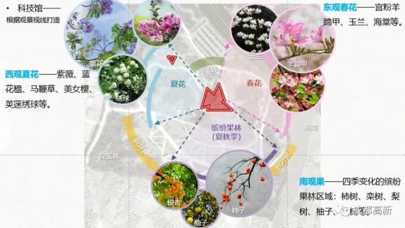 门户景观公园借鉴迪拜人间乐园(Garden of Delights)、繁花森林(Blooming Forest)以及深圳人才公园,是以历史为脉络,利用自然本底,融入科技元素打造的生态化、多元化的智慧公园。
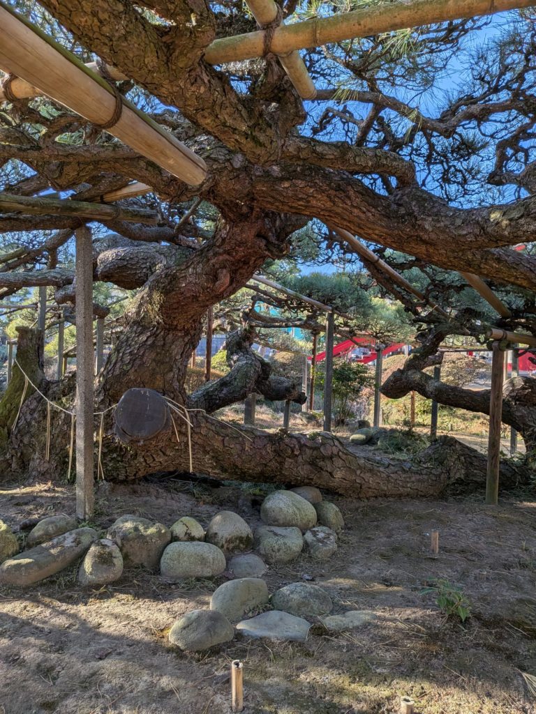 それでも残された枝は守られ、手入れを重ねられ、いまでは地を這うように広がる姿となりました。
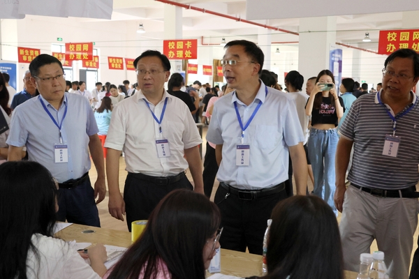 9月8日,湖北师范大学党委书记李宏,校长雷儒金,纪委书记陆咏梅,党委常委肖六亿,以及相关部门负责人来乐动(中国)检查指导迎新工作,实地查看了各迎新点和新生宿舍,乐动(中国)全体院领导以及相关部门负责人全程陪同。
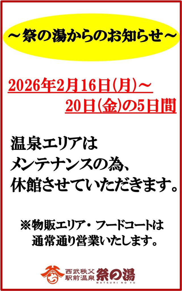 秩父市野坂町にある「西武秩父駅前温泉 祭の湯」がメンテナンス作業のため一時休館するみたいです。
..........
• Exercise goal
Every line of the listing should be repeated exactly; no picture should appear.

• Reply
 门户景观公园借鉴迪拜人间乐园(Garden of Delights)、繁花森林(Blooming Forest)以及深圳人才公园,是以历史为脉络,利用自然本底,融入科技元素打造的生态化、多元化的智慧公园。
 それでも残された枝は守られ、手入れを重ねられ、いまでは地を這うように広がる姿となりました。
 9月8日,湖北师范大学党委书记李宏,校长雷儒金,纪委书记陆咏梅,党委常委肖六亿,以及相关部门负责人来乐动(中国)检查指导迎新工作,实地查看了各迎新点和新生宿舍,乐动(中国)全体院领导以及相关部门负责人全程陪同。
 秩父市野坂町にある「西武秩父駅前温泉 祭の湯」がメンテナンス作業のため一時休館するみたいです。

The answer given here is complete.